Public Company Ownership

We can see that public companies hold 6.6%, of the C05 shares on issue. This may be a strategic interest and the two companies may have related business interests. It could be that they have de-merged. This holding is probably worth investigating further.

Next Steps:

I find it very interesting to look at who exactly owns a company. But to truly gain insight, we need to consider other information, too.

I always like to check for a history of revenue growth. You can too, by accessing this free chart of historic revenue and earnings in this detailed graph.

Of course this may not be the best stock to buy. So take a peek at this free free list of interesting companies.

NB: Figures in this article are calculated using data from the last twelve months, which refer to the 12-month period ending on the last date of the month the financial statement is dated. This may not be consistent with full year annual report figures.

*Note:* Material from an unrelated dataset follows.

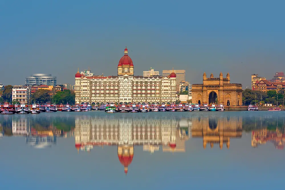 The Gateway of India: An iconic arch monument overlooking the Mumbai harbour stands as a historical landmark.

We aim to bring you long-term focused research analysis driven by fundamental data. Note that our analysis may not factor in the latest price-sensitive company announcements or qualitative material.

If you spot an error that warrants correction, please contact the editor at editorial-team@simplywallst.com. This article by Simply Wall St is general in nature. It does not constitute a recommendation to buy or sell any stock, and does not take account of your objectives, or your financial situation. Simply Wall St has no position in the stocks mentioned. Thank you for reading.